*** Exercise data Section Begins ***
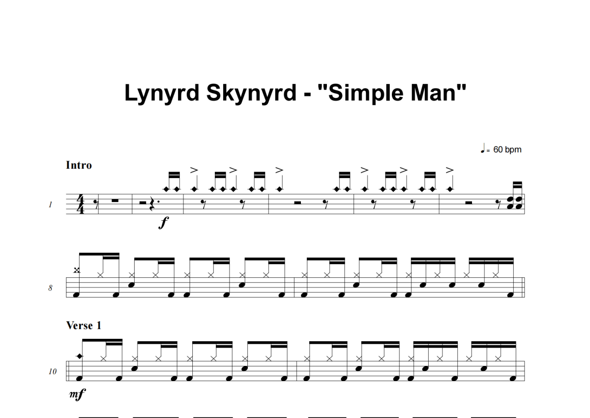 《Simple Man》是Lynyrd Skynyrd演唱的一首歌曲,这份架子鼓谱共有五张高清图谱,图谱由 @失眠的土豆 编配上传,图谱使用五线谱编配,使用这份Simple Man架子鼓谱,你将能够轻松地敲打出这首Lynyrd Skynyrd的Simple Man,快来尝试吧。
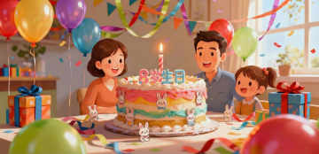 小女孩站在客厅中间,双手举着插了蜡烛的草莓蛋糕,另一只手攥着画满向日葵的卡片,踮着脚仰头喊 “Surprise”,声音脆生生的,周围气球轻轻晃着。
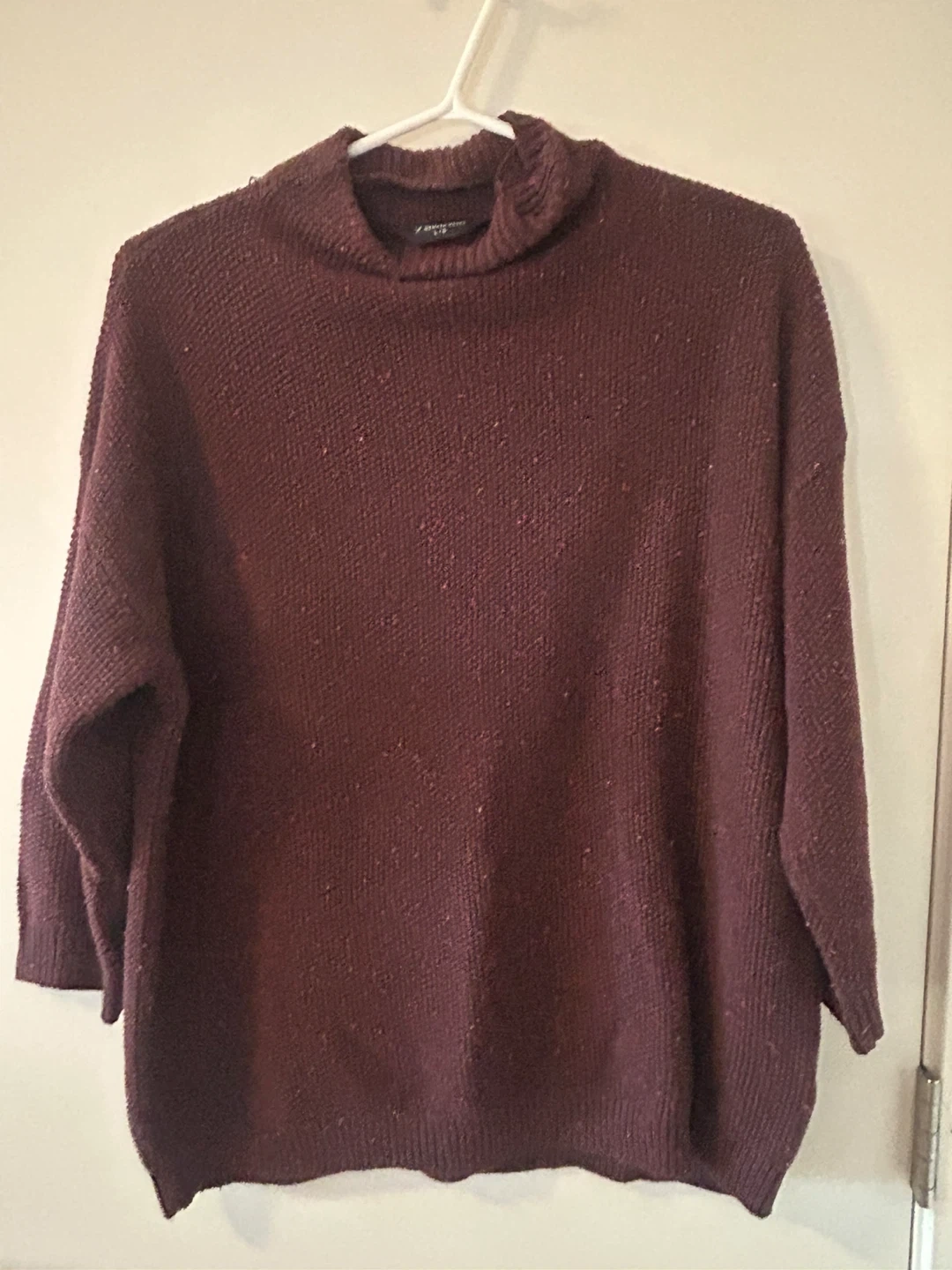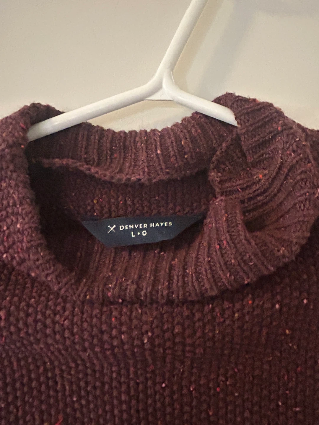 Cozy Denver Hayes sweater in a lovely burgundy colour! It's a size large and has a comfortable, relaxed fit. Perfect for staying warm on chilly days
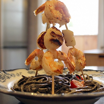 Морской гребешок, Паста с чернилами каракатицы, Морепродукты, Розмарин, Сливочно-кокосовый соус, Кальмары, Креветки
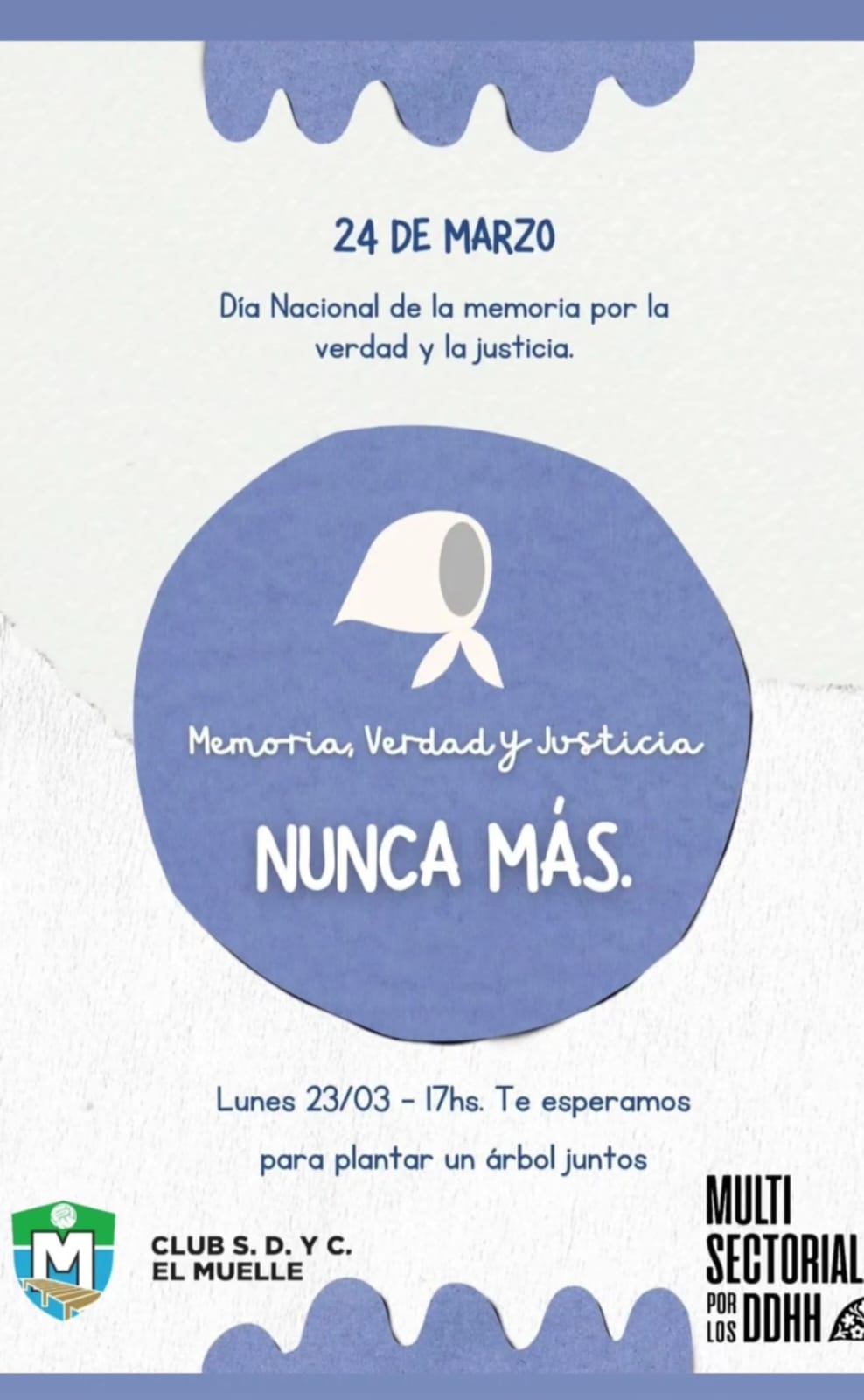 Este lunes 23 de marzo a las 17:00 horas, se realizará una jornada de memoria en el Club S.D. y C. El Muelle @clubelmuelle donde vecinos y vecinas están invitados a participar de la plantación de un árbol como símbolo de memoria, vida y compromiso colectivo.
*** Exercise data Section Ends ***
Retype the line containing "Cozy Denver Hayes" and each line after it through the last line of the entries above, exactly, with no pictures and nothing else.

◆ Written solution
 Cozy Denver Hayes sweater in a lovely burgundy colour! It's a size large and has a comfortable, relaxed fit. Perfect for staying warm on chilly days
 Морской гребешок, Паста с чернилами каракатицы, Морепродукты, Розмарин, Сливочно-кокосовый соус, Кальмары, Креветки
 Este lunes 23 de marzo a las 17:00 horas, se realizará una jornada de memoria en el Club S.D. y C. El Muelle @clubelmuelle donde vecinos y vecinas están invitados a participar de la plantación de un árbol como símbolo de memoria, vida y compromiso colectivo.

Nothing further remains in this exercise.